Using the data that follows, give again word for word the lines between the one holding "Noel Süsü İşlemeli Pamuk Yüz Havlusu" and the one holding "With this feature, members", inclusive. Omit the pictures.

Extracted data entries
************

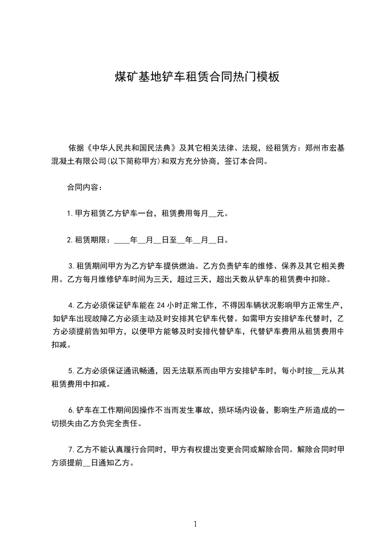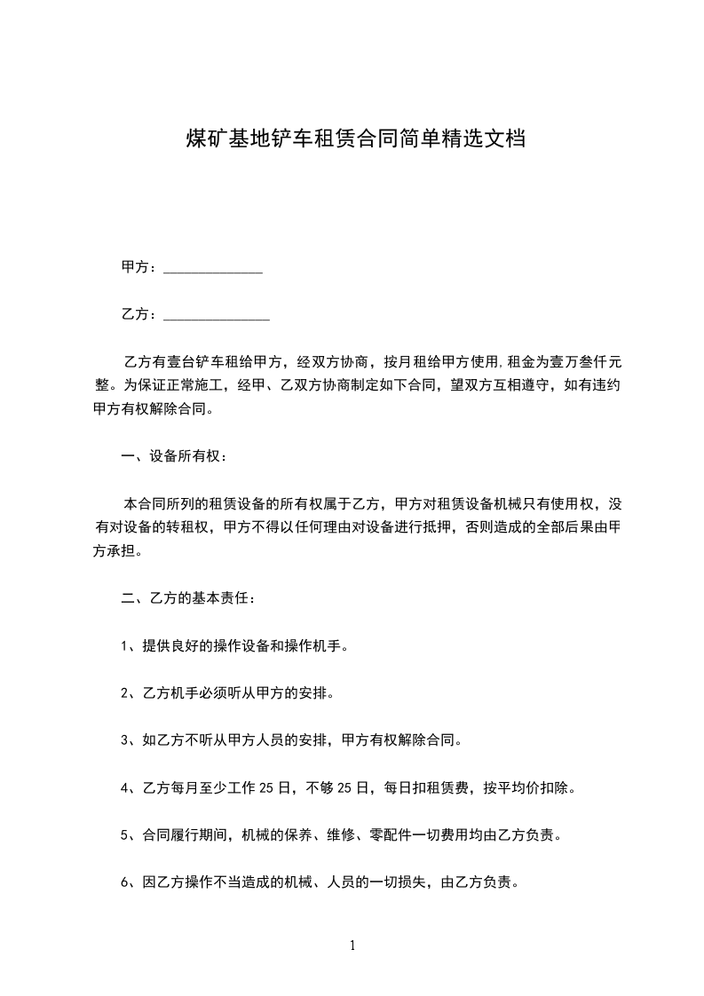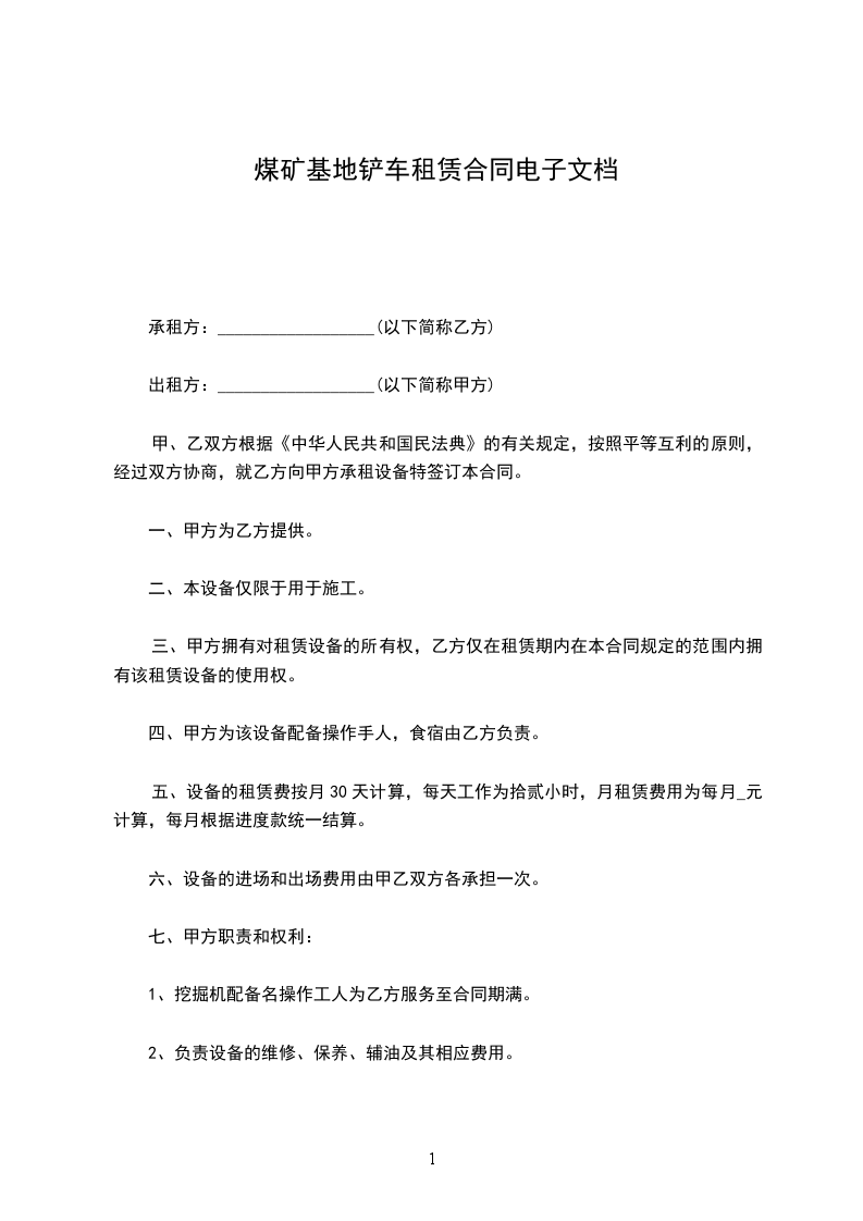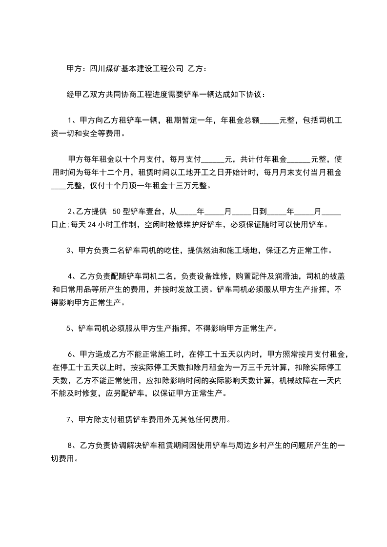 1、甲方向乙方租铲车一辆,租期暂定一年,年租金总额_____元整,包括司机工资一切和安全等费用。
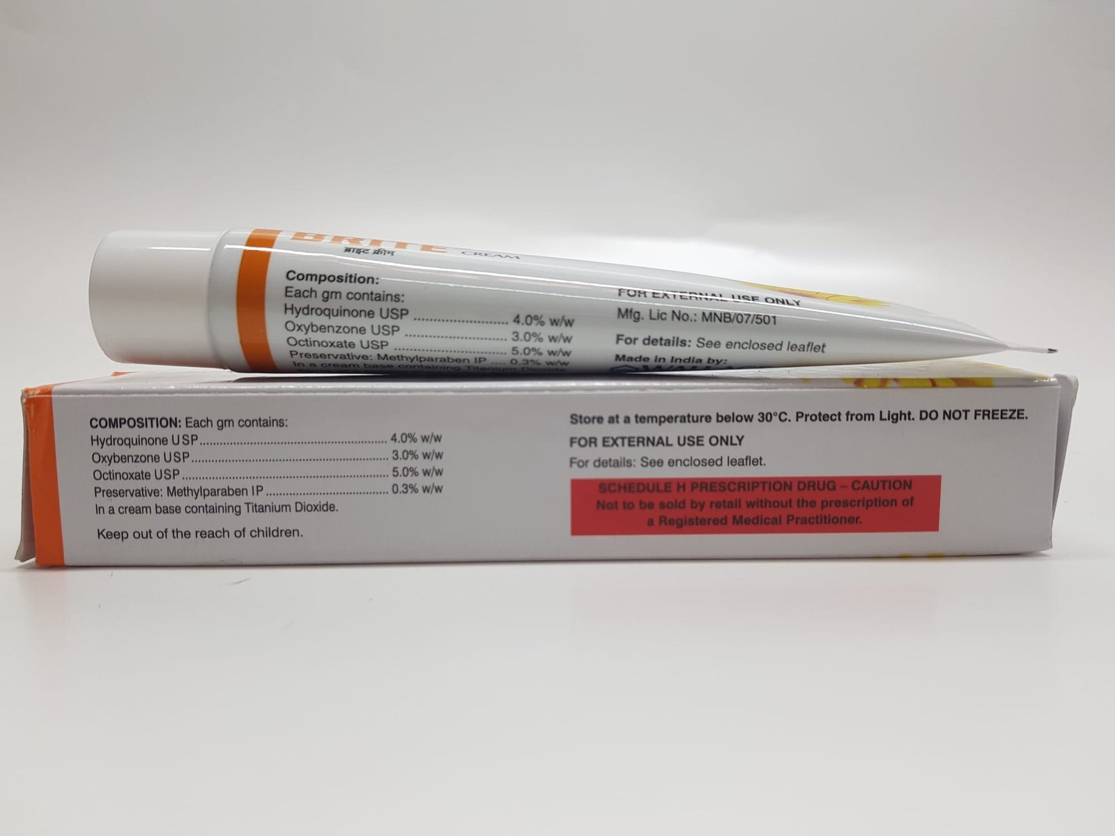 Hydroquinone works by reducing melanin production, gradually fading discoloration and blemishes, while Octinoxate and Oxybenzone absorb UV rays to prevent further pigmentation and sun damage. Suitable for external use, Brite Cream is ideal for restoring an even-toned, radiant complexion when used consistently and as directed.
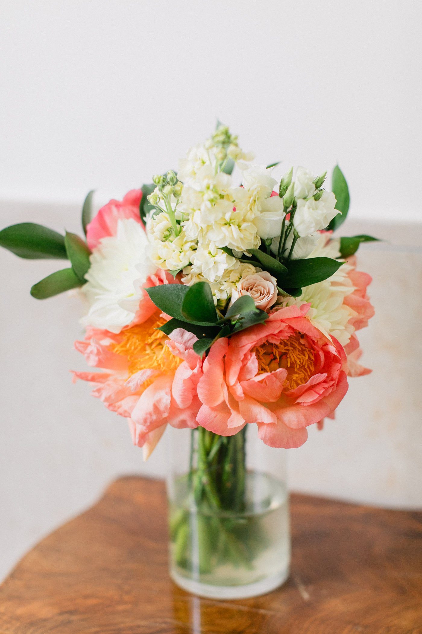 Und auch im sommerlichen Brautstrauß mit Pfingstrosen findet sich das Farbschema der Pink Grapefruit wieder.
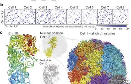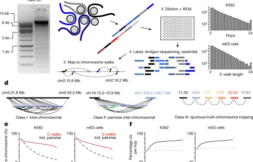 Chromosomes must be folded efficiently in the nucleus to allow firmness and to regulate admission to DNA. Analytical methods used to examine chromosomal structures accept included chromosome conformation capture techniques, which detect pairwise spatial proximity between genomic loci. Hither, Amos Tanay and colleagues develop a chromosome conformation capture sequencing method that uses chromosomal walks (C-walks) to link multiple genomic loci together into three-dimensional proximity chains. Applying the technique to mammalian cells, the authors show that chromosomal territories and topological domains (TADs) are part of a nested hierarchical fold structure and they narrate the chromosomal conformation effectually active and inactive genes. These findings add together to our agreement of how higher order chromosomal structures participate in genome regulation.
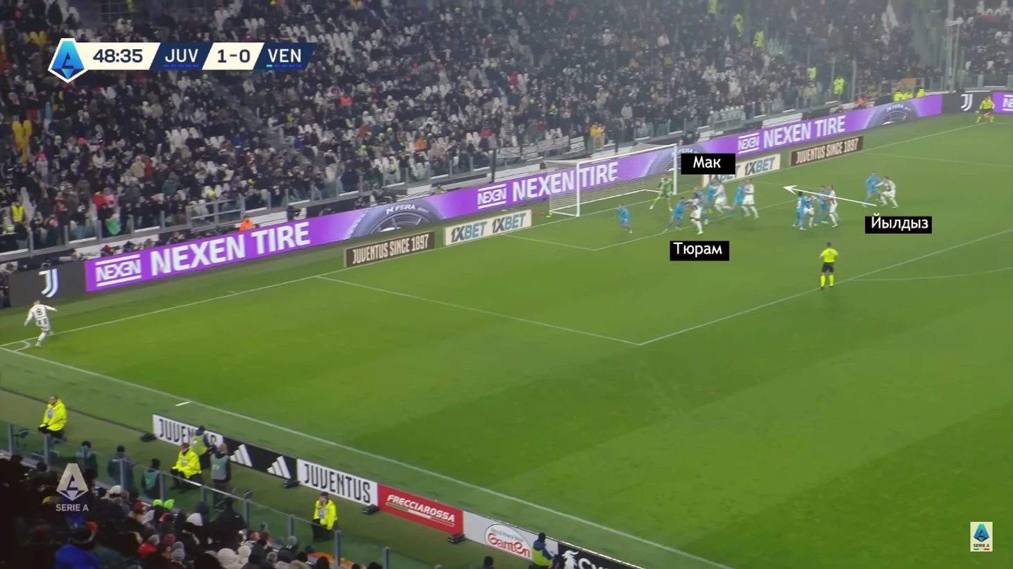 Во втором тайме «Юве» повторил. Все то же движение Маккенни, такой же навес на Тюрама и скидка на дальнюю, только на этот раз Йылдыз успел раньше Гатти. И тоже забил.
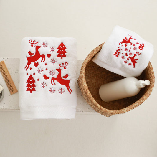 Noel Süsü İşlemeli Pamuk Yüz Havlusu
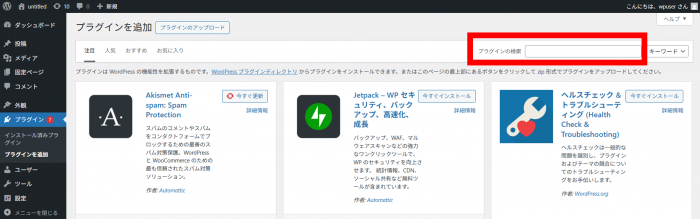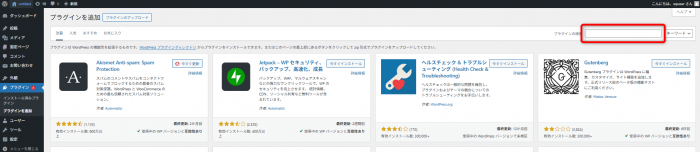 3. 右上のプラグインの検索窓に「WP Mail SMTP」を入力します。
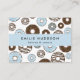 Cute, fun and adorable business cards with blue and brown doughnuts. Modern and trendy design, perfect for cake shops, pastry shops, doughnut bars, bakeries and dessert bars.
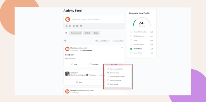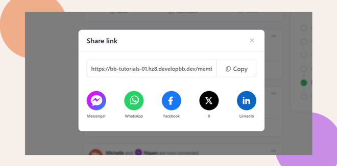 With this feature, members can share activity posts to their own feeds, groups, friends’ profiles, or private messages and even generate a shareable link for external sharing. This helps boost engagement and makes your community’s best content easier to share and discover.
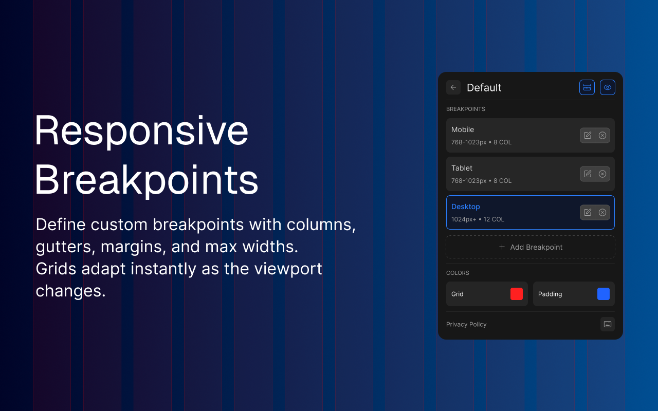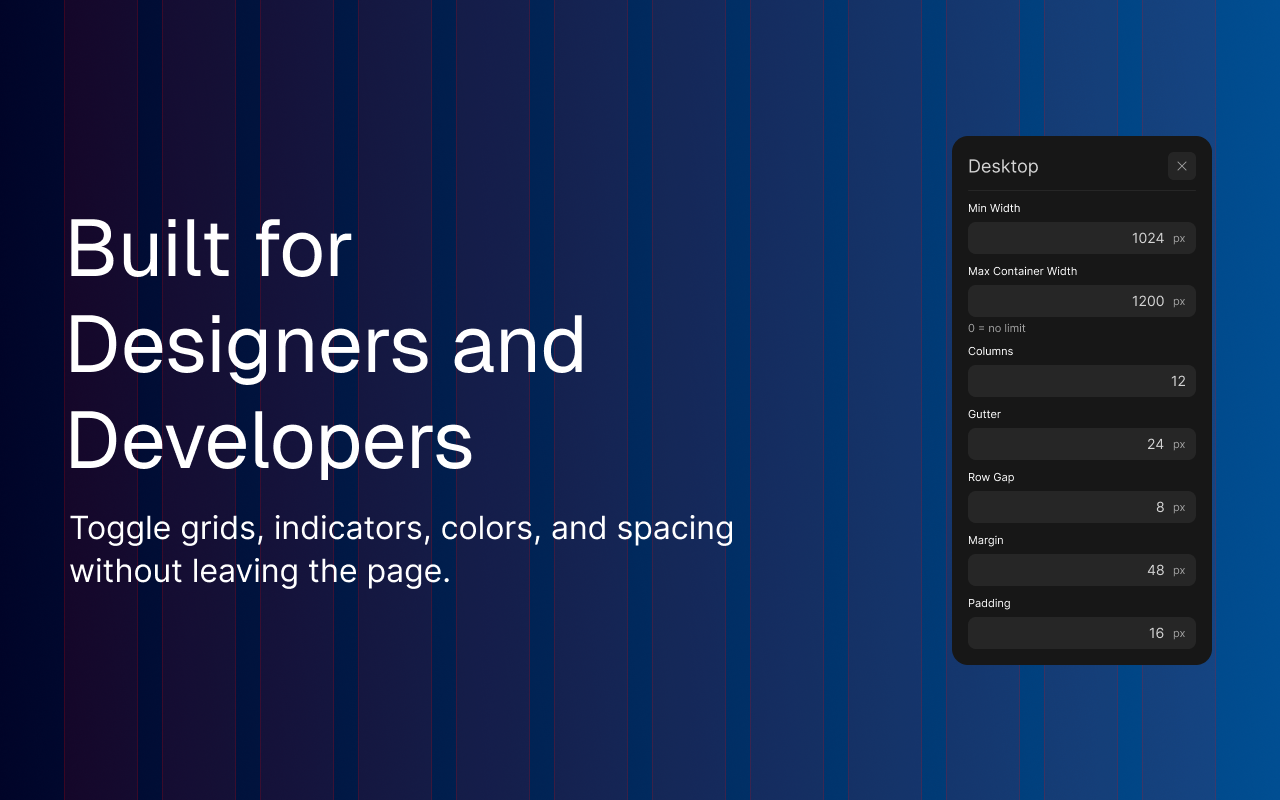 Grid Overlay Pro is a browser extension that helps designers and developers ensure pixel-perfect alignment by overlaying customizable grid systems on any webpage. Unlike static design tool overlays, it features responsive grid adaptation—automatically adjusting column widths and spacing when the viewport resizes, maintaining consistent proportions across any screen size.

************

● **TASK RESULT**
 Noel Süsü İşlemeli Pamuk Yüz Havlusu
 3. 右上のプラグインの検索窓に「WP Mail SMTP」を入力します。
 Cute, fun and adorable business cards with blue and brown doughnuts. Modern and trendy design, perfect for cake shops, pastry shops, doughnut bars, bakeries and dessert bars.
 With this feature, members can share activity posts to their own feeds, groups, friends’ profiles, or private messages and even generate a shareable link for external sharing. This helps boost engagement and makes your community’s best content easier to share and discover.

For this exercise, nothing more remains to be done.